When Sun built their new GUI toolkit, they choose to single thread all GUI events thru an event dispatch thread. One of the reasons they had for choosing this architecture was low overhead; toolkits that use threads can spend a substantial amount of time and space managing locks.
Node.js is the latest hot technology. Most web and application servers spawn a new thread for each connection. Each of those threads have memory overhead, which limits the number of connections a server can handle. Instead of threads, Node.js uses a single I/O event queue and fires an event handler for each connection. All user code is run in a single thread on the event queue. This limits the memory footprint of the server and minimizes the chances of deadlock. Nginx is a web server built using this architecture and has shown some amazing performance with little overhead.
For those who prefer sticking with Java, there is an attempt to port Node.JS to Java. Another alternative is to build your server using Netty, which an asynchronous event-driven network application framework built using NIO.
LMAX is a retail financial trading platform built using Java.
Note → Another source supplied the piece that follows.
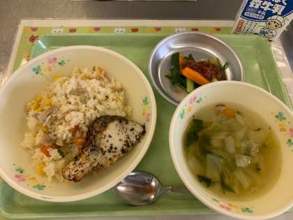 今日の給食はカラフルピラフ、白身魚のハーブ焼き、スティックサラダ、ABCスープでした。サラダのソースがケチャップベースで赤いので辛い?と聞いてくる子や辛そう!という声が聞こえましたが、残菜として戻ってくる量は少なく、辛くないとわかるともりもり食べてくれたようで嬉しかったです。
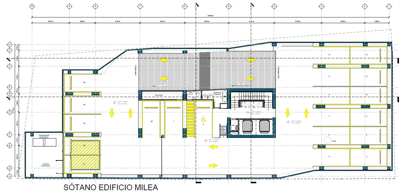 2.10 m. DESARROLLO RAMPA VEHICULAR EN SÓTANO ▪ FHA PERMITE EN SÓTANO ALTURA MÍNIMA DE 2.10 m. RAMPA 5 +/- 0.70 m. 2.80 m. 17.50 m. ▪ DESARROLLO RAMPA: PENDIENTE MÁXIMA 15% - 17% DESARROLLO DE RAMPA = ALTURA / % DE PENDIENTE EJEMPLOS: 2.80 m. / 15% = 18.67 m. 2.80 m. / 16% = 17.50 m. (PROMEDIO) 2.80 m. / 17% = 16.47 m.

A trading application like this needs to very low latency, there will be a large volume of trades that need to be processed quickly. The LMAX team ended up running all the business logic on a single thread with all of the data in memory. This single thread processes 6 million orders per second using commodity hardware. Disruptors receive messages and unmarshall, replicate and journal the input messages, then pass them along to the single threaded business logic processor. When the business logic processor completes the message, it passes it to an output distruptor that publishes the results. Martin Fowler wrote an excellent article on this architecture. I found the following footnote interesting:
An interesting side-note. While the LMAX team shares much of the current interest in functional programming, they believe that the OO approach provides a better approach for this kind of problem. They’ve noticed that as they work to write faster code, they move away from a functional style towards OO style. Partly this because of the copying of data that functional styles require to maintain immutability. But it’s also because objects provide a better model of a complex domain with a richer choice of data structures.
While a single threaded architecture may not fit every application, it is an important architecture to keep in your tool belt. If you are having trouble scaling your application, it is worth considering these examples.